The last time Hackerfall tried to access this page, it returned a not found error. A cached version of the page is below, or click here to continue anyway

An Introduction to Kolmogorov Complexity | Theory

Over the years I've used many various ways to analyze the complexity of software. Some of these have involved analyzing the isolated complexity of discrete constructs (method cohesion, internal/external class coupling, module connascence); to uniform complexity and cognitive overhead (branchable logic/cyclomatic complexity, Halstead complexity); and finally, the highly subjective analysis of the impedence mismatch between the business problem domain and the implemented solution domain (e.g. the business fundamentally only understands the values 1 and 2, but the implementation handles all 32-bit signed integers and has code handling special cases arising from 13, 46, and -25738459).

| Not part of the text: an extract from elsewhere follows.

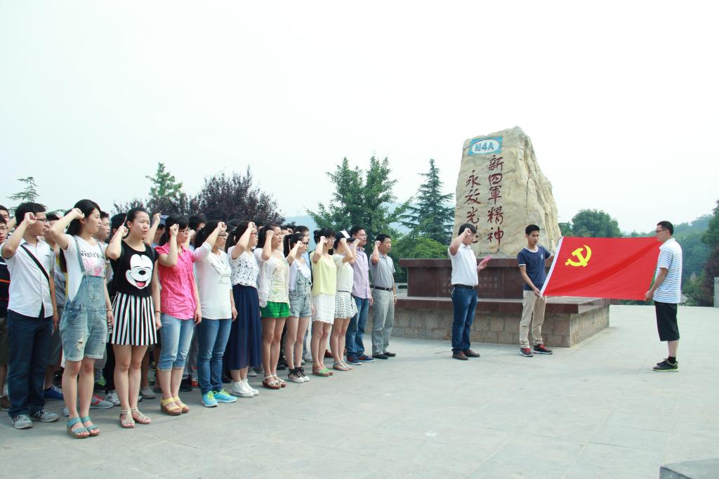 “我志愿加入中国共产党,拥护党的纲领,遵守党的章程,履行党员义务,执行党的决定,严守党的纪律,保守党的秘密,对党忠诚,积极工作,为共产主义奋斗终身,随时准备为党和人民牺牲一切,永不叛党。”在“新四军精神永放光芒”纪念碑前,全体党员在学生党员代表邵珂带领下,面向党旗再次庄重宣誓,承诺在今后的学习和工作中继承铁军精神,锤炼作风,践行社会主义核心价值观,正确行使党员权利,切实履行党员义务。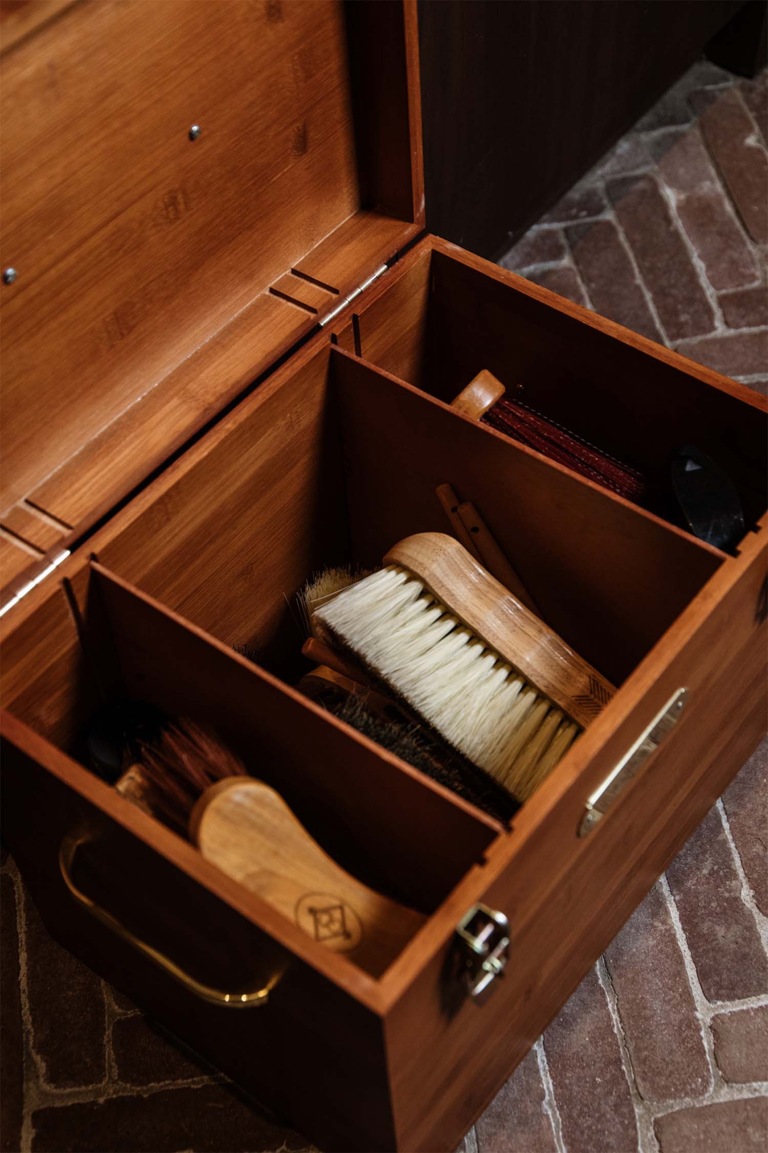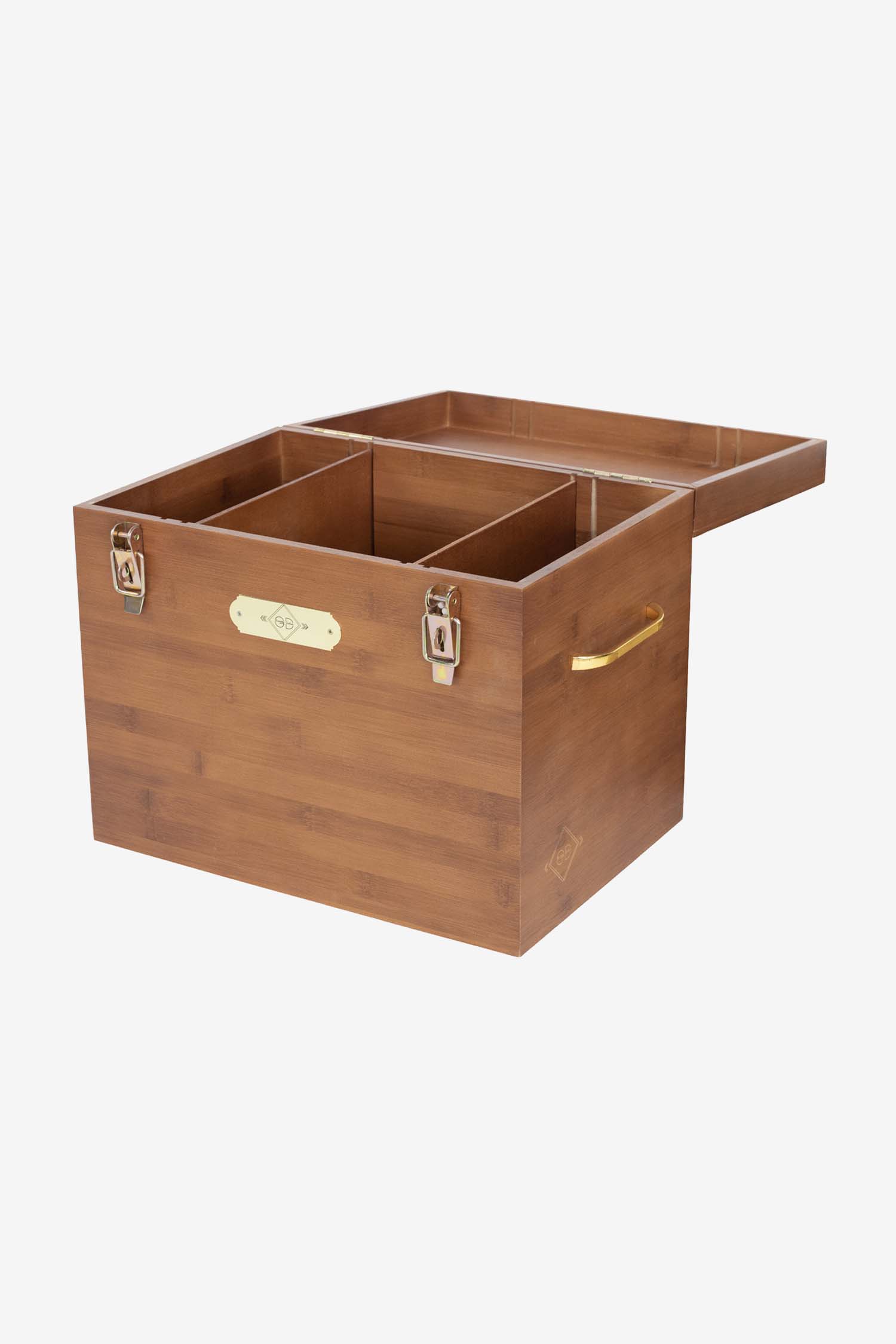 Górna część otwiera się i może być zamknięta za pomocą dwóch złotych okuć, które można również zabezpieczyć kłódką. Wewnątrz znajduje się duża komora (25x38x26 cm), którą można podzielić na dwie lub trzy części dzięki 2 cienkim, wyjmowanym przegrodom. Możesz zorganizować wnętrze swojej skrzynki w unikalny sposób!

One complexity measurement that's fascinated me over the years is Kolmogorov complexity, or the measurement of the entropy of an algorithm. The measurement is based on the character count of the implementation - the idea being that between two extrinsically identical[1] algorithms, the one that can be expressed - or implemented, as it were - with less characters is fundamantally simpler in the context of the problem domain.

To better understand this, consider a simple program which prints "My name is George and my age is 31" to stdout. In Ruby (and many other languages that don't require a lot of ceremony in order to support execution), this is a one-liner:

puts 'My name is George and my age is 31'  

The character count of this program's source code is 41, and while you could theoretically remove the space between puts and the start of the string, it's about as short as you can get in ruby.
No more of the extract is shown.